## Exercise description
Transcription task. Write out each entry verbatim and exclude any image.

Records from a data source
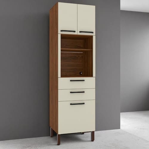 O Paneleiro possui três gavetas de tamanhos distintos que permitem liberdade para melhor organização do espaço, além de nicho para eletrodomésticos diversos e duas gavetas com ampla abertura garantida pelas corrediças telescópicas, para fechar, conta com puxadores ergonômicos feitos em plástico resistente.
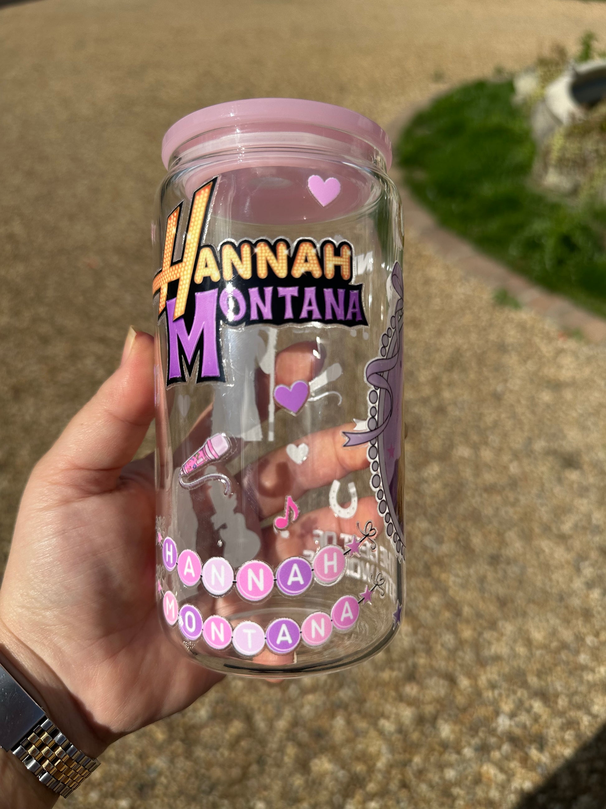 Hannah Montana glass up , designed my myself and handmade. Comes with pink lid and clear straw.
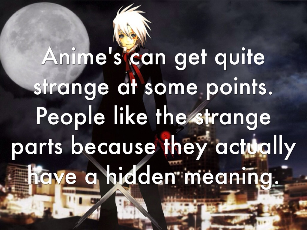 Anime's can get quite strange at some points. People like the strange parts because they actually have a hidden meaning.
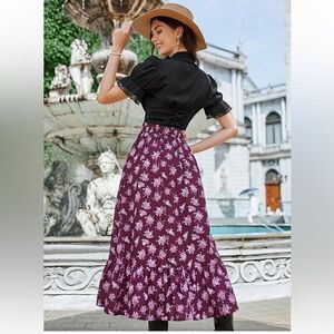 Features: This long skirt for women is completed with decorative buttons down the front, an elasticated back waist, designed with a high waist, a flared hem with ruffles that hits the ankle
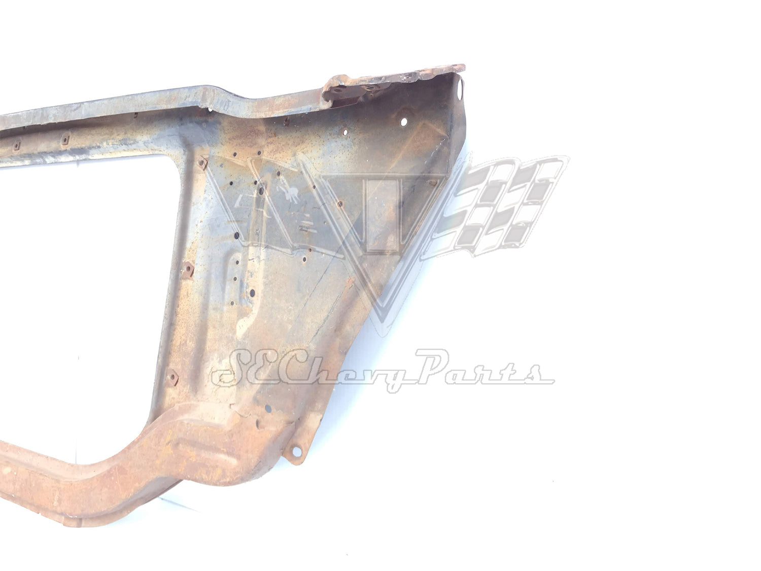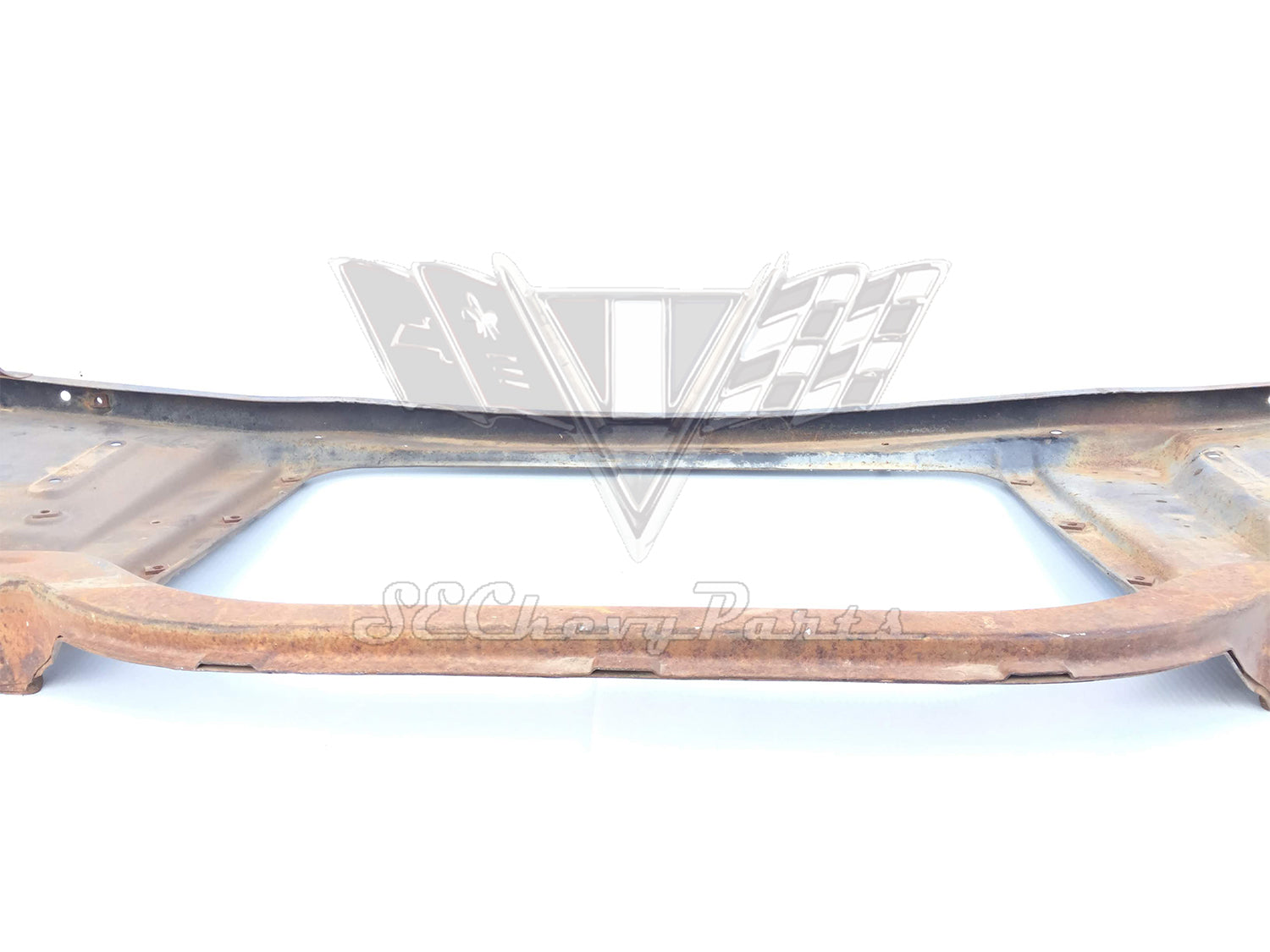 This 1963 Chevy Impala Radiator Core Support is an original GM part that is used. These are rust free and in great condition. The bottoms show little to know signs of deterioration. The part in the photo is just an example. Your core support may not look exactly like the photograph but the quality will be comparable.

## Response to the task
 O Paneleiro possui três gavetas de tamanhos distintos que permitem liberdade para melhor organização do espaço, além de nicho para eletrodomésticos diversos e duas gavetas com ampla abertura garantida pelas corrediças telescópicas, para fechar, conta com puxadores ergonômicos feitos em plástico resistente.
 Hannah Montana glass up , designed my myself and handmade. Comes with pink lid and clear straw.
 Anime's can get quite strange at some points. People like the strange parts because they actually have a hidden meaning.
 Features: This long skirt for women is completed with decorative buttons down the front, an elasticated back waist, designed with a high waist, a flared hem with ruffles that hits the ankle
 This 1963 Chevy Impala Radiator Core Support is an original GM part that is used. These are rust free and in great condition. The bottoms show little to know signs of deterioration. The part in the photo is just an example. Your core support may not look exactly like the photograph but the quality will be comparable.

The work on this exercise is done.